The popularity of such schemes has closely followed the health of the general economy, as well as the Government’s changes to company qualification rules and generosity of tax reliefs available to investors.

How VCTs work

  • VCTs themselves are quoted companies, run by fund managers. They pool investors funds to acquire a range of unquoted companies (which are often listed on the AIM or PLUS markets), thus spreading the risk.
  • VCTs are limited to which companies they can invest in. Companies must be unquoted, carry out a qualifying ‘trade’ and have a gross asset value of £15m or less before investment (this was set at £7m prior to April 2012).
  • Fund managers must invest 70% of their assets in qualifying companies within 3 years of the VCT launch.
  • When fully invested, VCTs will typically invest in 25-35 companies.
  • Qualifying companies must employ no more than 250 employees, and cannot raise more than £2m via VC schemes in the 12 months leading up to the date of VCT investment.
  • Due to rule changes over recent years, older VCTs have more choice in the flexibility of their investments.

Types of VCT

There are four main types of VCT:

  • AIM VCTs – which specialise in investing in AIM listed companies
  • Specialist VCTs – as the name suggests, they specialise in an individual industry or interest sector.
  • Generalist VCTs – invest in a wide range of companies, across sectors.
  • Limited Life VCTs – which aim to wind up after a specific time period.
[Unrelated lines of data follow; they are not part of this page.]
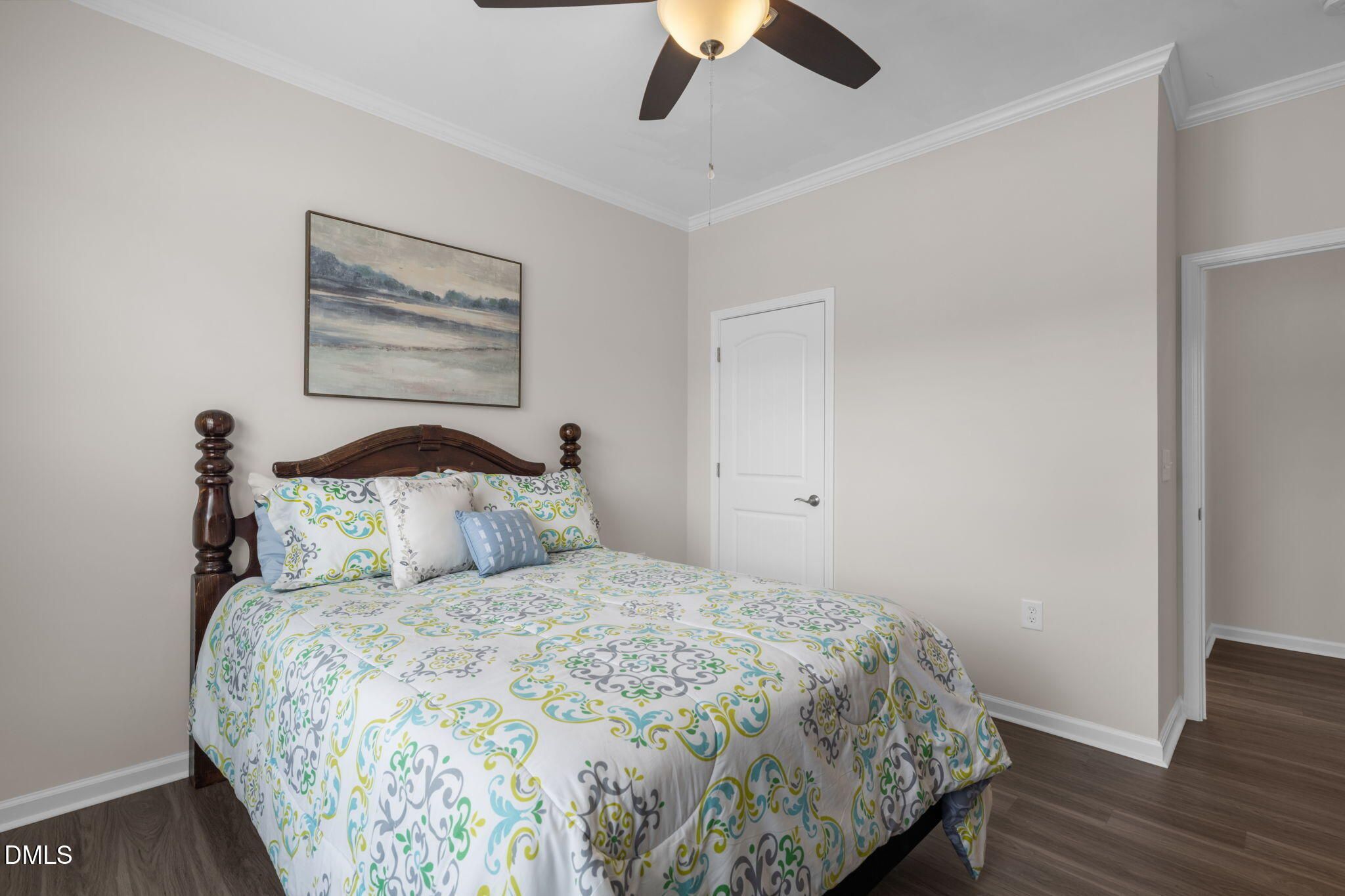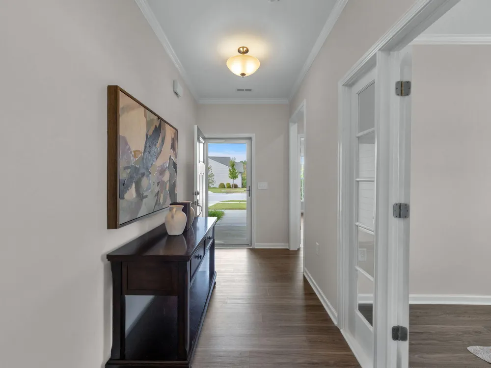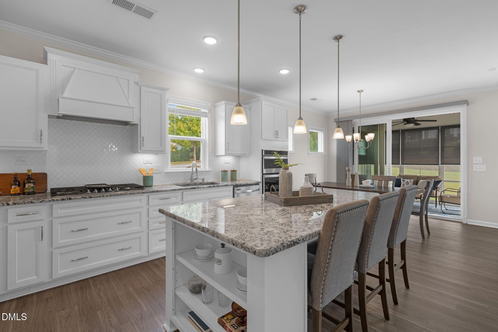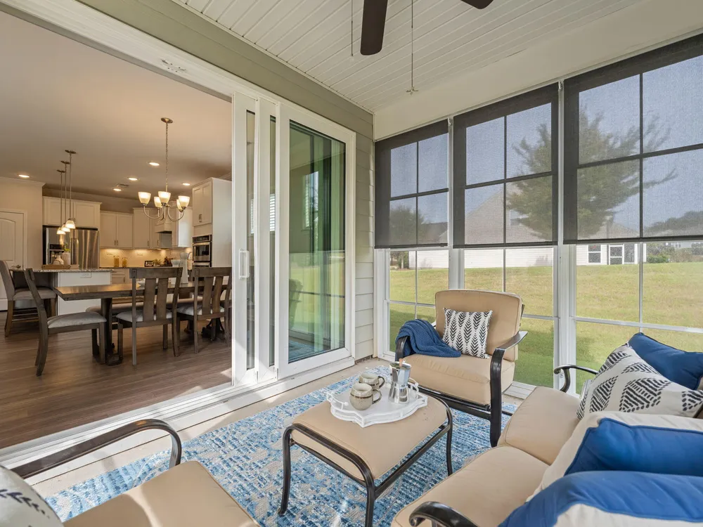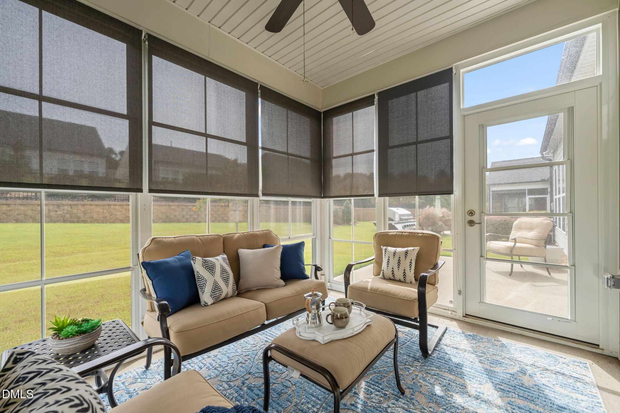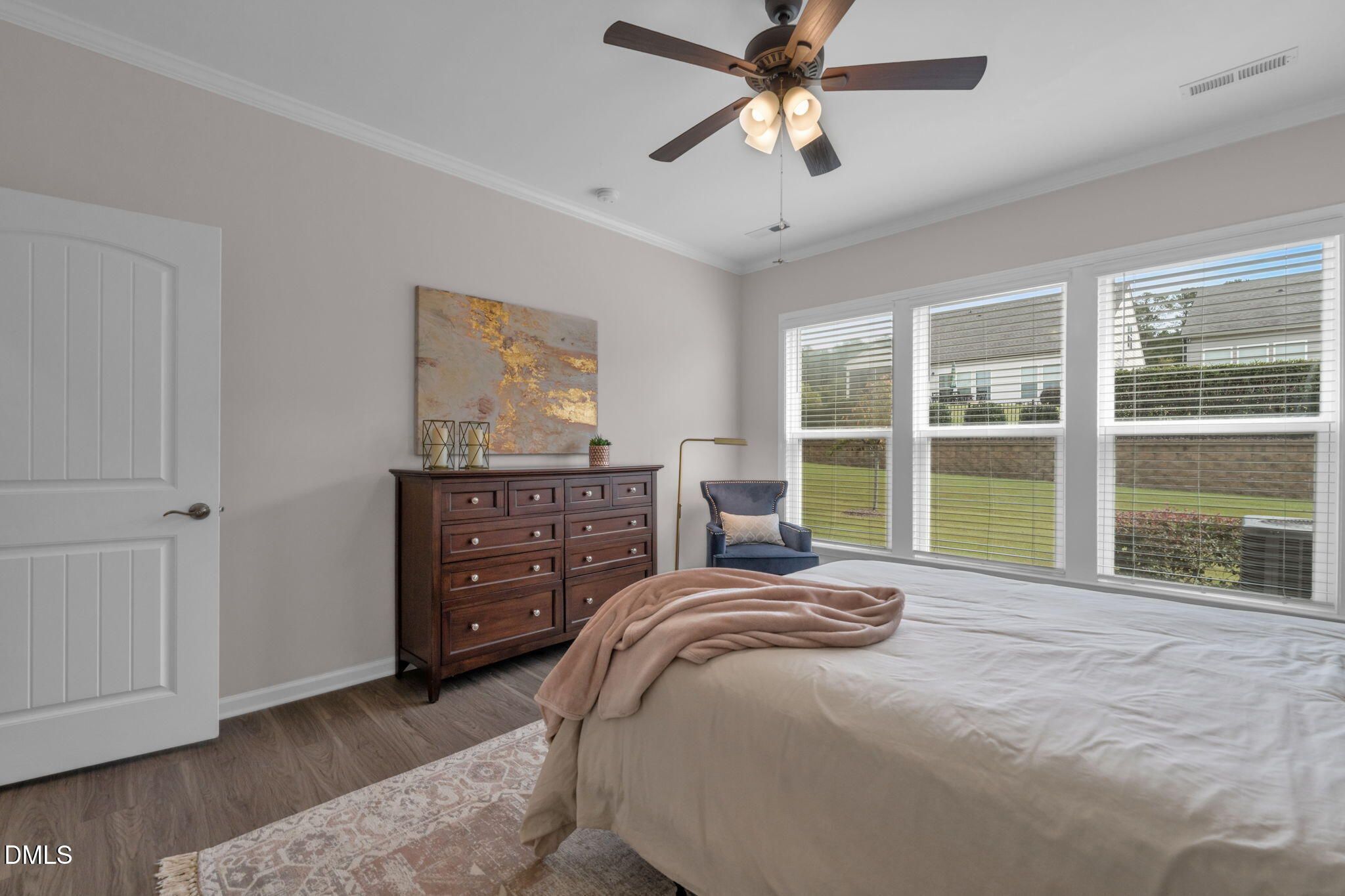 Discover one of the finest and best-value move-in ready ranch homes currently available in Wake Forest. Conveniently located in the premier and sought-after adult community of Del Webb at Traditions, this impeccably maintained and upgraded home boasts many custom features and recent updates, including new interior paint, fully finished garage with custom shelving and epoxy floor coating, a security/home automation system and much more. Featuring large rooms, high ceilings, an open floor plan, and beautiful and durable LVP throughout, this home creates a welcoming atmosphere perfect for everyday living and entertaining guests. The modern kitchen is sure to satisfy the culinary enthusiast, complete with a gas cooktop and wall oven, an island with additional storage and seating, granite countertops, and stainless steel appliances. Other highlights of this plan are the expansive master suite, a second guest bedroom, a dedicated home office/flex space, and an open living area that also opens up to the screened porch via a beautiful 3 panel glass doorway. Fiber cement siding ensures durability and aesthetic appeal while minimizing maintenance needs. The large 1/5 ac premium corner lot is perfect for those not wanting to feel overly squeezed between neighbors. Life in Del Webb includes access to a range of resort-style amenities, including the impressive clubhouse with fitness center and indoor pool, scenic walking trails, and well-lit streets for evening strolls. Additionally, the neighborhood's appeal is enhanced by convenient access to shopping centers, restaurants, and cafes, as well as nearby parks, recreational areas and fishing and hiking at the Reservoir. Experience the perfect blend of luxury, comfort, and convenience in this exceptional home. Schedule your visit today and see how this property stands out in Wake Forest and the Del Webb community as a premium property without the premium price.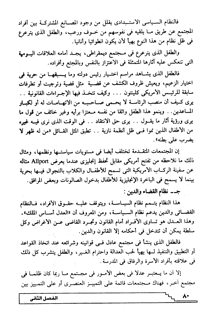 فالطفل الذي يشاهد مراسم اختيار رئيس دولته وما يسبقها من حرية في اختيار الزعيم، ويعيش ظروف الكشف عن قضية مثل قضية وترجيت أو تطرفات سابقة للرئيس الأمريكي كلينتون ... وكيف تتخذ فيها الإجراءات القانونية ... يرى كيف أن منصب الرئاسة لا يحمي صاحبه من الاتهامات له أو لكبار المساعدين ... وينمو هذا الطفل واثقا من نفسه معتزا برأيه وغير خائف من قول ما يرى ورؤية آثار ما يقول ... يرى حق الانتقاد ... في الوقت الذي نرى فيه غيره من الأطفال الذين نموا في ظل أنظمة نازية ... تطبق المثل القاتل "من له ظهر لا يضرب على بطنه".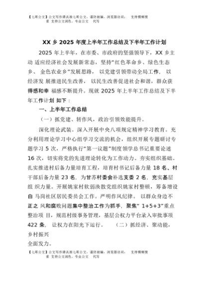 【七哥公文】2025年:XX乡2025年度上半年工作总结及下半年工作计划+更多免费公文+VX:QiGeGongWen2024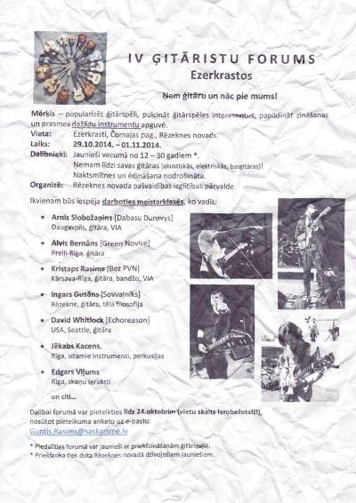 Nu 29. oktobra leidz 1. novembram Rēzeknis nūvoda Čornajis pogosta “Azarkrostūs” nūtiks jau par tradiceju palykušais Rēzeknis nūvoda gitaristu forums, kurā sevkurs jaunīts var pīsadaleit vysaiduos meistarklasēs. Dasasaceišona leidz 24. oktobram.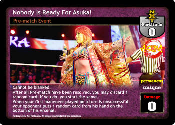 Cannot be blanked. After all Pre-match have been resolved, you may discard 1 random card; if you do, you start the game. When your first maneuver played on a turn is unsuccessful, your opponent puts 1 random card from his hand on the bottom of his Arsenal.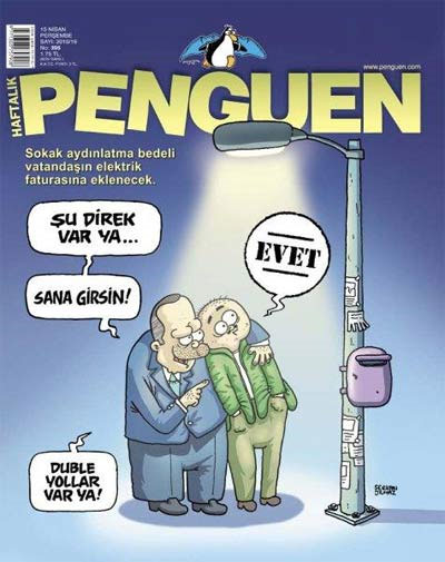 Ünlü mizah dergisi Penguen'e Başbakan Recep Tayyip Erdoğan ile vatandaş elektrik zamları kapak oldu.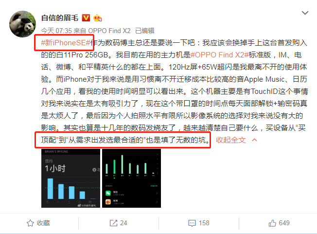 这是不真实的,甚至OPPO,一个朋友的生意,加入了乐趣。iPhone发布后,自称为数字博客的OPPO副总裁沈正毅也对iPhoneSE大加赞赏,并认真听取了他的发言。他发布消息说,自从iPhone11发布后,他就开始着手开发它了。现在他使用的是OPPO FindX2标准版本,但鉴于苹果的优秀苹果音乐,这也是他使用苹果手机作为备份机的原因之一。从他的表情来看,iPhone SE的触摸标识对他来说太有吸引力了。现在他也开始从需求中购买合适的设备,暗示他可能会把备份机换成苹果手机!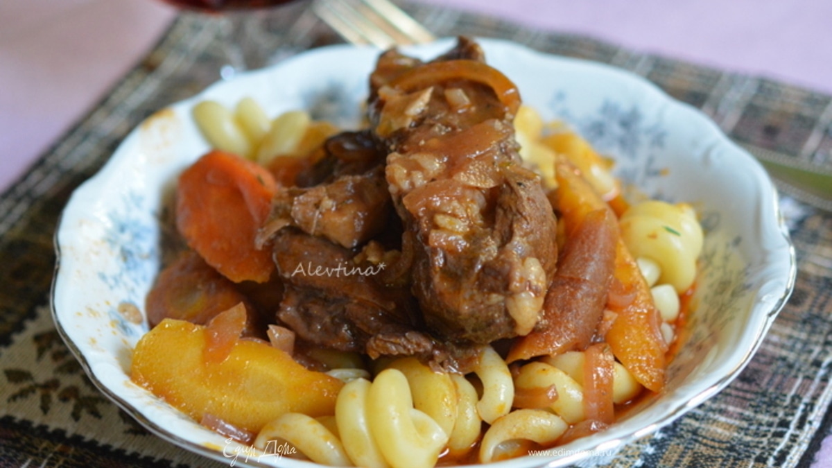 Выложить говяжьи ребрышки, морковь и полить мясным овощным соком. Подаем к столу тут же.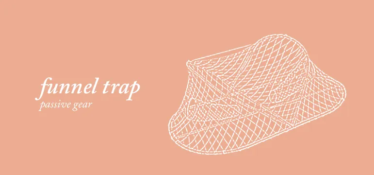 Passive gear (e.g. gill nets, trammel nets, traps, longlines) use traps, nets or lines with hooks anchored or left to drift in the water. This technique is widely used in European waters. Essentially, this technique passively catches fish rather than actively drawing them in.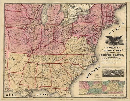 Eastern Seaboard in 1863 White Modern Wood Framed Art Print with Double Matting by Vintage Maps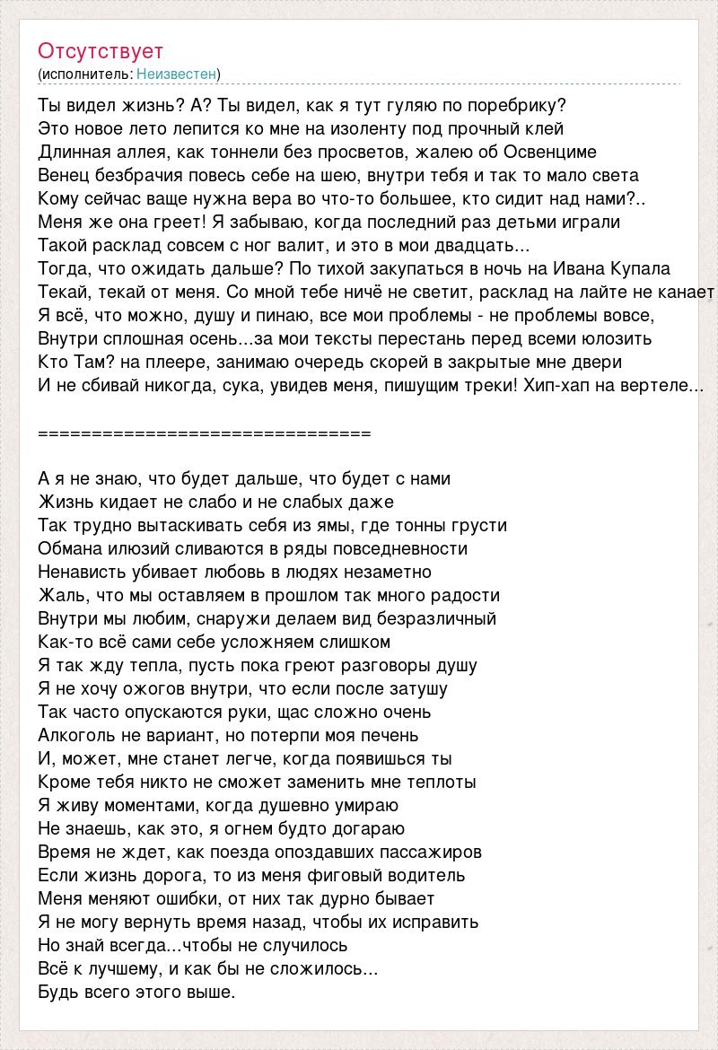 Ты видел жизнь? А? Ты видел, как я тут гуляю по поребрику? Это новое лето лепится ко мне на изоленту под прочный клей Длинная аллея, как тоннели без просветов, жалею об Освенциме Венец безбрачия повесь себе на шею, внутри тебя и так то мало света Кому сейчас ваще нужна вера во что-то большее, кто сидит над нами?.. Меня же она греет! Я забываю, когда последний раз детьми играли Такой расклад совсем с ног валит, и это в мои двадцать... Тогда, что ожидать дальше? По тихой закупаться в ночь на Ивана Купала Текай, текай от меня. Со мной тебе ничё не светит, расклад на лайте не канает Я всё, что можно, душу и пинаю, все мои проблемы - не проблемы вовсе, Внутри сплошная осень...за мои тексты перестань перед всеми юлозить Кто Там? на плеере, занимаю очередь скорей в закрытые мне двери И не сбивай никогда, сука, увидев меня, пишущим треки! Хип-хап на вертеле... =============================== А я не знаю, что будет дальше, что будет с нами Жизнь кидает не слабо и не слабых даже Так трудно вытаскивать себя из ямы, где тонны грусти Обмана илюзий сливаются в ряды повседневности Ненависть убивает любовь в людях незаметно Жаль, что мы оставляем в прошлом так много радости Внутри мы любим, снаружи делаем вид безразличный Как-то всё сами себе усложняем слишком Я так жду тепла, пусть пока греют разговоры душу Я не хочу ожогов внутри, что если после затушу Так часто опускаются руки, щас сложно очень Алкоголь не вариант, но потерпи моя печень И, может, мне станет легче, когда появишься ты Кроме тебя никто не сможет заменить мне теплоты Я живу моментами, когда душевно умираю Не знаешь, как это, я огнем будто догараю Время не ждет, как поезда опоздавших пассажиров Если жизнь дорога, то из меня фиговый водитель Меня меняют ошибки, от них так дурно бывает Я не могу вернуть время назад, чтобы их исправить Но знай всегда...чтобы не случилось Всё к лучшему, и как бы не сложилось... Будь всего этого выше.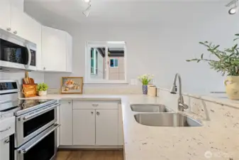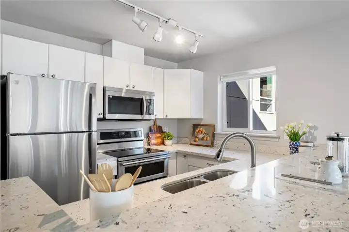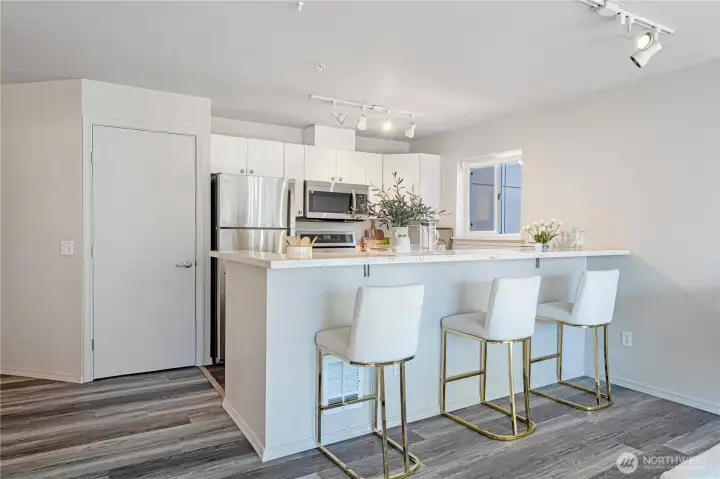 This 1-bedroom offers iconic Space Needle views from the living room and bed room. Updated crisp & clean kitchen with the new stainless appliances. Convenient open layout flows easily into dining & living area. Premier amenities include a rooftop deck w/sweeping view of the Seattle skyline, fitness center, business lounge. Two parking spaces that are included. Just a block from climate Pledge Arena and three blocks to Olympic Sculpture Park. Surround by bars, restaurants and coffees shops. No rent cap, No special assessments.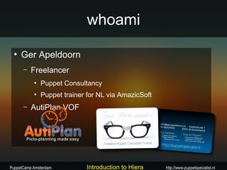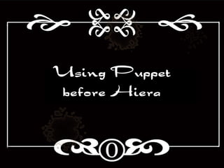 The document provides an introduction to Hiera, a hierarchical data store used in Puppet configurations. It discusses how Hiera allows for flexible organization and override of configuration data. Specific use cases shown include setting different smarthost values for most hosts but overriding it for one host and the DMZ. The presentation recommends starting with a simple Hiera implementation and expanding from there, and provides tips on determining hierarchy and using Hiera data in Puppet modules.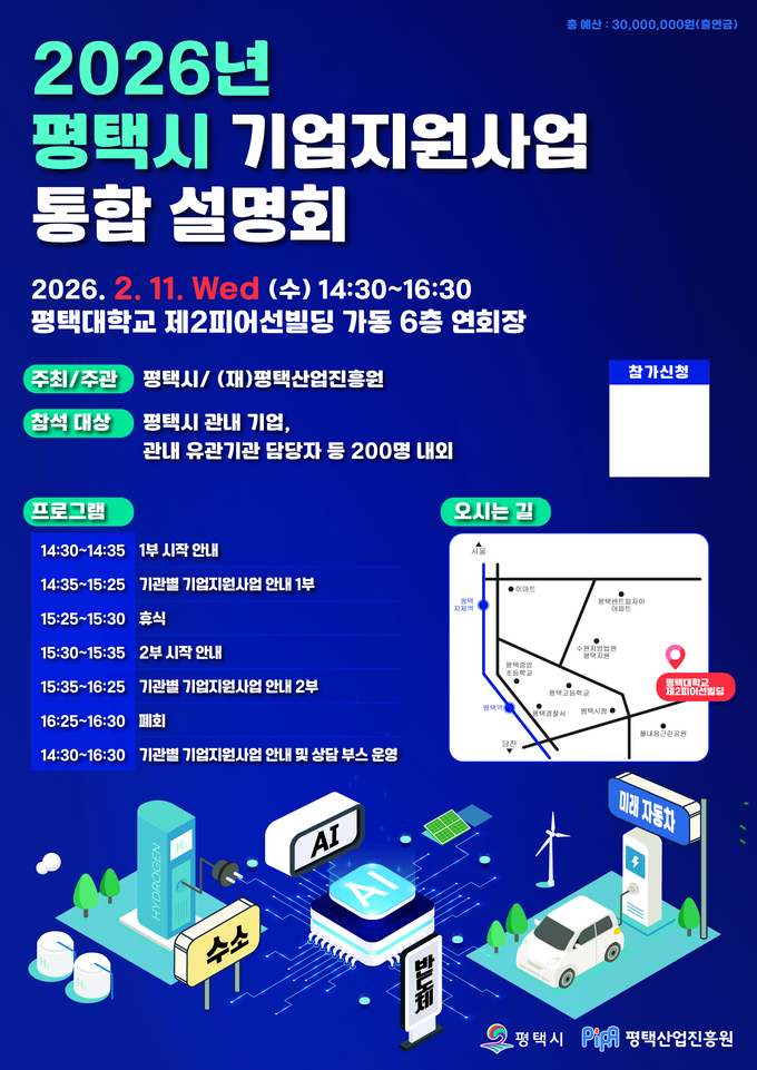 [정도일보 김제영 기자] 평택시가 평택산업진흥원과 함께 오는 2월 11일(수) 평택대학교 제2피어선빌딩 6층 대강당에서 ‘평택 중소기업 지원사업 설명회’(이하 지원사업 설명회)를 개최한다.

Tax reliefs available to investors

  • Income tax relief is available to investors. In 2004, Gordon Brown raised the level of income tax relief from 20% to 40%, although this was subsequently reduced to 30% on a maximum investment of £200,000 in each tax year (assuming the investment is held for 5 years).
  • Disposal of VCT investments are also free from Capital Gains Tax.
  • Dividends are free from income tax.

Further Information on VCTs

For more information, you can read HMRC’s Overview of the VCT scheme (VCTs).

The British Venture Capital Association (BVCA) can also help.

You should always seem professional advice before relying on information contained within this article, as the VCT rules are complex.